Input.
= = =
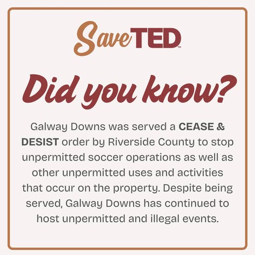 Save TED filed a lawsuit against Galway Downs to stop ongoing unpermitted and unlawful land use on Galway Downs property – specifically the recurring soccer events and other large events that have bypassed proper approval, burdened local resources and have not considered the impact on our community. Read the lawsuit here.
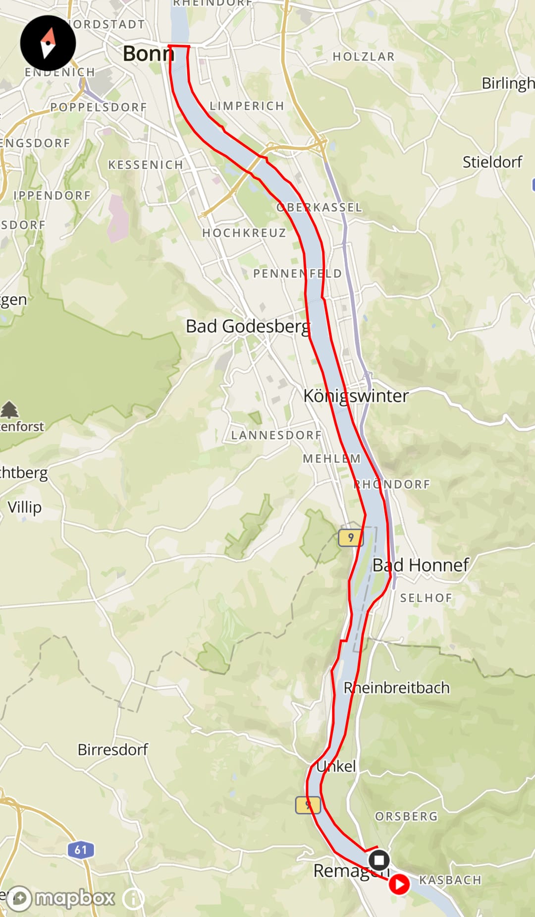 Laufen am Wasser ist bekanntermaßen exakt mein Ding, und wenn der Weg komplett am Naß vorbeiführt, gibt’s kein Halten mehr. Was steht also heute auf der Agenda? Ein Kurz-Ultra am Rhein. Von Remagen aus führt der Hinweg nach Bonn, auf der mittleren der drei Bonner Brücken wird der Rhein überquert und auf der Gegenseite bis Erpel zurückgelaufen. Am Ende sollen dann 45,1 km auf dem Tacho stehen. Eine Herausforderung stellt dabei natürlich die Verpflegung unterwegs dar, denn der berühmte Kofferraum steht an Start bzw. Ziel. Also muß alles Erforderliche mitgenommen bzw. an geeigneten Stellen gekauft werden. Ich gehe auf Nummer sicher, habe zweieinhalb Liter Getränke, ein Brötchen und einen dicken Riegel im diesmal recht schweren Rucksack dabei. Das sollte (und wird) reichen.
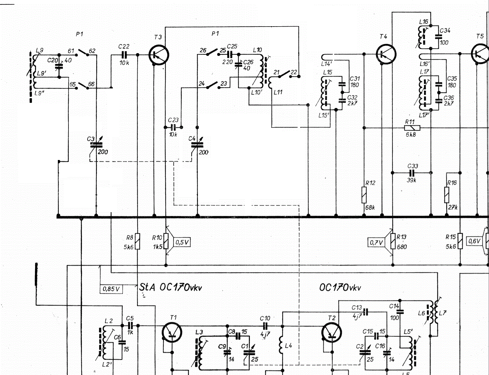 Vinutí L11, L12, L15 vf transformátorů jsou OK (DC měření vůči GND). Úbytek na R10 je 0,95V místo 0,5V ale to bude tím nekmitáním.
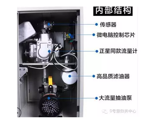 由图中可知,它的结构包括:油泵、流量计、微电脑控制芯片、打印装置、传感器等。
= = =
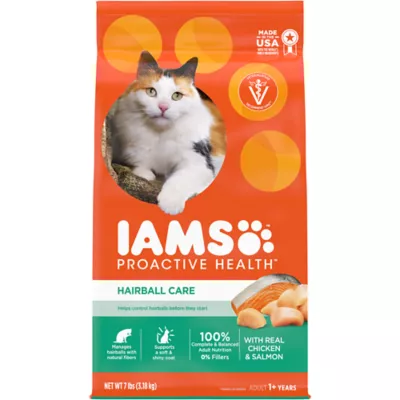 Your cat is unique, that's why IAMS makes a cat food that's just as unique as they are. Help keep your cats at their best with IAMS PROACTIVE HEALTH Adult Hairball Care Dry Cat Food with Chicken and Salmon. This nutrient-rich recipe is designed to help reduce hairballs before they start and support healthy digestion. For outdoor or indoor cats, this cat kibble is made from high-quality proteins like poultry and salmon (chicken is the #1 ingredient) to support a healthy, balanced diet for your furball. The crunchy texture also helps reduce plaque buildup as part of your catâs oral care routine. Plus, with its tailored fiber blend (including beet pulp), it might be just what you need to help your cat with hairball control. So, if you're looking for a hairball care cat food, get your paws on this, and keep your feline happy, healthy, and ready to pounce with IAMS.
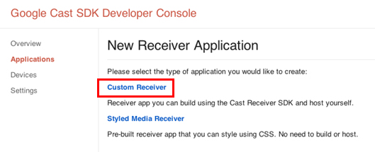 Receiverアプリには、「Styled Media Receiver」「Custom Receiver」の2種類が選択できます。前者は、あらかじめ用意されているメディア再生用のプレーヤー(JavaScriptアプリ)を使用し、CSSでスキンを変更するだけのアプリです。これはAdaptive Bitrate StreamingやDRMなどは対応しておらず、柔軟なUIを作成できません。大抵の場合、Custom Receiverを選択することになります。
= = =
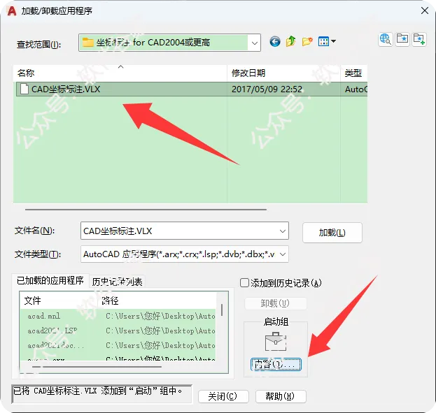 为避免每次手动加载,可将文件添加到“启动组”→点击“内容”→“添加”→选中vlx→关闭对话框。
= = =
What the task requires. Look through the listing above for the line with "Vinutí L11, L12, L15" and the line with "由图中可知,它的结构包括:油泵、流量计、微电脑控制芯片、打印装置、传感器等。". Write out exactly those lines and everything between, leaving out pictures.

Task response.
 Vinutí L11, L12, L15 vf transformátorů jsou OK (DC měření vůči GND). Úbytek na R10 je 0,95V místo 0,5V ale to bude tím nekmitáním.
 由图中可知,它的结构包括:油泵、流量计、微电脑控制芯片、打印装置、传感器等。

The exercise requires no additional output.